A ce moment-là de l’interview, tandis que Banier continue de cabotiner
devant un journaliste en liquéfaction accélérée, je songe soudain au Portrait
de Dorian Gray d’Oscar Wilde, autre dandy au destin nettement plus difficile
(pour ceux qui ne connaîtraient pas ce livre fameux, vous trouverez un
résumé en 4 cases dans un autre livre fameux intitulé 90 livres cultes à
l’usage des personnes pressées d’Henrik Lange que je vous conseille
vivement). Deux jours plus tard, mon intuition se confirme lorsque je tombe
par hasard sur une photo de presse montrant Liliane Bettencourt penchée
vers les tirages argentiques sur papier baryté des clochards de Banier lors du
vernissage d’une de ses expositions. Sous un casque de cheveux
soigneusement laqués, son visage poudré semble particulièrement bien
conservé pour son âge - sans doute grâce à de régulières cures de
thalassothérapie en Bretagne en alternance avec quelques coups de bistouri
des meilleurs chirurgiens du pays - contrairement à ceux très abîmés des SDF
qui lui font face dans leurs cadres en bois noir sous un passe-partout
coquille d’œuf. Tout s’éclaircit. God damn it ! Il s’agit bien de l’adaptation
contemporaine du Portrait de Dorian Gray ! Naviguant dans des mondes de
plus en plus éloignés de la réalité, les riches se payent le portrait des pauvres
qui vieillissent pour eux… Dans cette perspective, François-Marie Banier
cumule les rôles de Basil Hallward et Lord Henry5, tandis que la galerie d’art
remplace aisément le grenier : rien de tel que l’hypervisibilité pour planquer
un secret, c’est le principe même de La Lettre volée7.

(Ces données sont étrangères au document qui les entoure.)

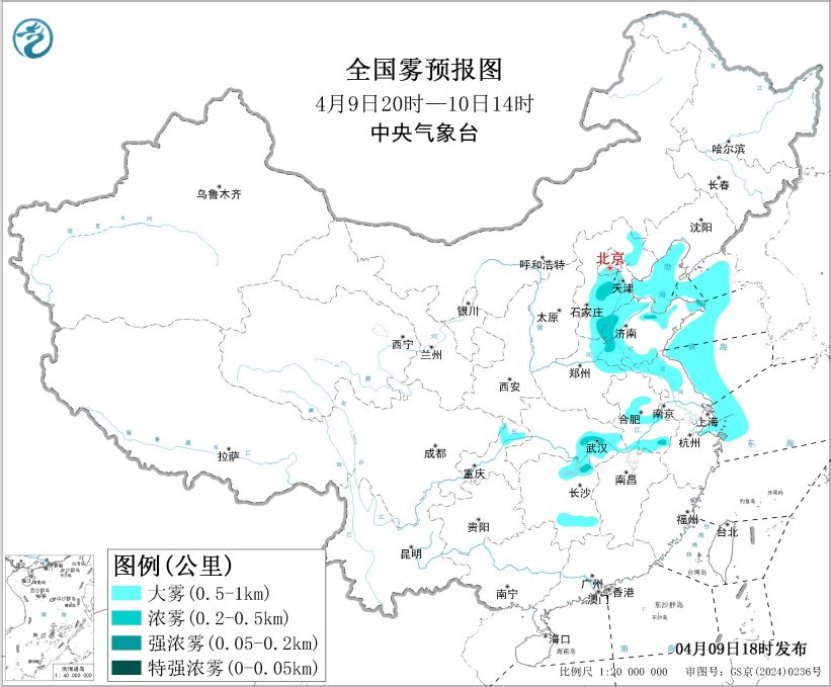 中央气象台4月9日18时继续发布大雾黄色预警。预计,4月9日夜间至10日上午,渤海、渤海海峡、黄海北部和西部海域、东海西北部海域、长江口附近海域将有能见度不足1公里的大雾。此外,河北中南部、北京南部、天津西部、河南东北部、山东西部和北部、江苏北部、安徽中南部、湖北东部、湖南东北部等地的部分地区有大雾天气,局地有能见度不足500米的浓雾(见图4)。

Ce soir-là avant d’aller me coucher, j’ai regardé avec désarroi mon pot de
crème Plénitude-Contour des yeux qui trônait sur la tablette de la salle de
bain.
Notes :
1
Titre exprimant une prédiction assez comique, toute l’affaire Bettencourt reposant sur la possible réduction des
facultés mentales de la principale intéressée
2
Pour les autres, voici la traduction du logiciel Reverso.net qui révèle quelques accidents involontairement
poétiques : En examinant la rue de son vélomoteur, il se concentre sur des visages et des figures(chiffres) portant
les marques d'une vie avec le pouvoir(la puissance) de toucher ses émotions de visionneurs(téléspectateurs) - un
nettoyeur de la rue avec le comportement d'un guerrier mythologique héroïque, solitaire comprend pour une
promenade, des passants, des couples - tous ont vécu par des procès(essais) auxquels nous pouvons seulement
deviner.
3
Representation : cultural représentations and signifying practices, edited by Stuart Hall,1991.
4
http://sites.radiofrance.fr/franceinter/em/atelier-de/index.php?id=94378
5
Respectivement le peintre du tableau et l’ami pervers de Dorian
7
La Lettre volée. Edgar Allan Poe, 1844. Nouvelle dans laquelle un détective cherche une lettre qui a été volée
dans le boudoir royal. Après avoir épuisé toutes les solutions, le détective comprend que le criminel n’a pas
caché la lettre, mais l’a simplement posée sur son bureau. Le principe est aussi simple qu’efficace : mettre en
évidence un objet que tous croient dissimulé dans un endroit secret.